Over on my father’s side of the family, my great-grandfather William’s household included a servant (again, according to the census), a seventeen-year-old girl named Ellen*. Given that William’s occupation was listed as “farmer” in the 1880 census, I was a little surprised to find that, by 1900, he’d moved into the city and acquired household help. What was up with that, I wonder? A mystery to solve! And another great reason to call home and talk to dad.
I have Marilyn Cocchiola Holt to thank for starting me down the genealogy road. I haven’t made much more progress with my family tree, though, because after learning about my relatives’ personal history with service and servants, I’m kind of fixated on the topic, which has influenced my reading choices lately. Two of the books I checked out recently made for an interesting fact/fiction pairing.
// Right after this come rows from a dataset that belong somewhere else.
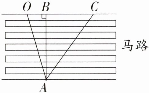 [提示]直线外一点到直线的所有线段中,垂线最短。观察题图可知,线段AB是垂直于马路的,而线段AO和AC都不是垂直于马路的。因此从点A 过马路最短的路线就是线段AB。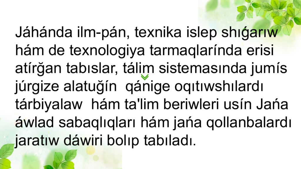 Jáhánda ilm-pán, texnika islep shıǵarıw hám de texnologiya tarmaqlar í nda erisi at í r ğ an tabıslar, tálim sistemasında jum í s júrgize alatu ğí n qánige oqıtıwshılardı tárbiyalaw h á m ta'lim beriwleri us í n Jańa áwlad sabaqlıqları hám jańa qollanbalardı jaratıw dáwiri bolıp tabılad ı.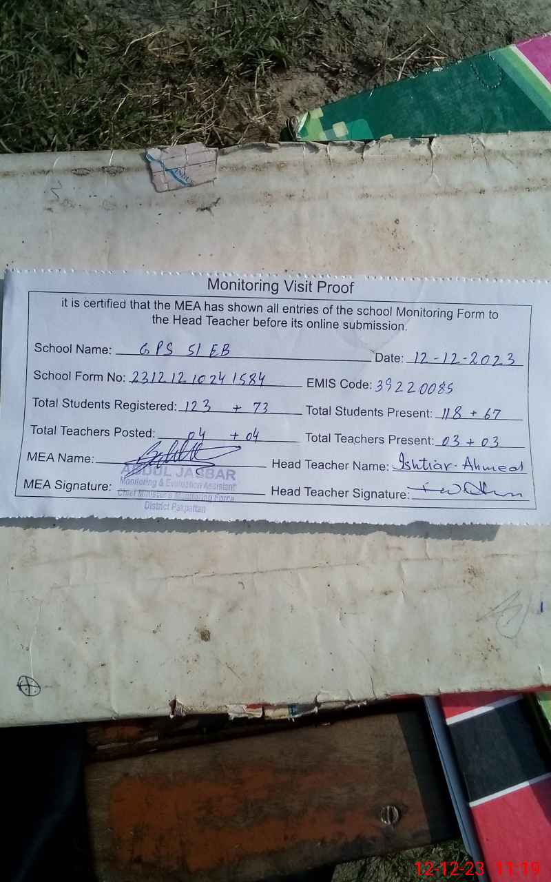 | Attendance Register | Head Teacher | MEA with School | Visit Proof |

Lucy Lethbridge delivers an extensive look at the people most of us think of when the topic of service comes up: the British. Servants: A Downstairs History of Britain from the Nineteenth Century to Modern Times delivers just that: a meticulous look at what life was really like for the men and women who washed, cooked, scrubbed, and served the landed gentry and, later, their less formal descendants. Quoting extensively from former servants and documents written by those in service, she paints a picture of a highly contradictory life. While going into service could save you from abject poverty in a large family, it also meant giving up a lot of your personal freedom, with no guarantee that you’d be taken care of when you were sick or old, as the respect and benefits employers showed their staff varied widely from household to household.
The effects of two world wars, labor-saving technologies, and the availability of other work took their toll on service as a profession, and Lethbridge’s detailed description of how those social factors played out makes for fascinating reading. Every few paragraphs or so I would make some kind of surprised noise, because there were just so much going on that we Americans just didn’t know about… though many servants were happy to work for American employers post-WWII (apparently we paid better) in spite of our horrid manners. And Lethbridge probably could have written two separate books on the influx of Jewish refugees pre-WWII, on domestic labor visas, or the increased use of foreign household laborers.
While I was reading Servants, Jo Baker’s novel, Longbourn, popped up on my pick-up shelf. I put everything else aside and dived right in, based solely on the premise: while the Bennett sisters of Pride and Prejudice were upstairs trying to get married, the staff of their father’s estate had problems and concerns of their own. From the perspective of Sarah, the housemaid, Baker spins a tale of hard knocks and straight-jacketed circumstances, to say nothing of backbreaking work. Laundry, in particular, is Sarah’s bugbear, as it leads to cracked hands and resentment. The story touches lightly on the main plot points of Austen’s original novel–Jane’s love for Bingley, Lydia’s flight with Wickham, etc.–while illuminating Sarah’s longing for a better life than she has, and the love triangle options that may–or may not–allow that to happen. Baker also takes some liberties with Austen’s established characters to make commentary on some of the nineteenth-century’s more unsavory characteristics (the horrors of war, to name just one). On the whole, Longbourn does for Austen what Wide Sargasso Sea did for Bronte: highlights the unpleasant truth that upper-class women’s narratives are frequently supported by silent, invisible narratives of women with few resources, and virtually no voice.
Other books from our collection that explore the lives–fictional and factual–of servants include:
Serving Women: Household Servants in Nineteenth Century America
Thursdays and Every Other Sunday Off: A Domestic Rap
Life Below Stairs: Domestic Servants in England From Victorian Times
From Mammies to Militants: Domestics in Black American Literature
I’ll never look at Upstairs, Downstairs or Downton Abbey quite the same way ever again**, that’s for sure. Are you an amateur, armchair, or hard-core genealogist? Have you learned anything interesting in your research that sent you off onto another topic entirely?
–Leigh Anne
who definitely counts her washer and dryer amongst her blessings
*Possibly “Ella.” Whoever scanned in the record gave both options, as the handwriting was somewhat unclear. Her birth date was given as 1882, but she was listed in the 1900 census as being 47 years old, which is impossible, unless her birth year was recorded incorrectly as well. I’m researching both options.
**Obviously England and America’s experiences of servitude were very different, and the unpleasant question of slavery makes for a whole separate post. Still, representation-wise, the most visible face of the servant is still white and British, which in and of itself begs for more reading and research as to why.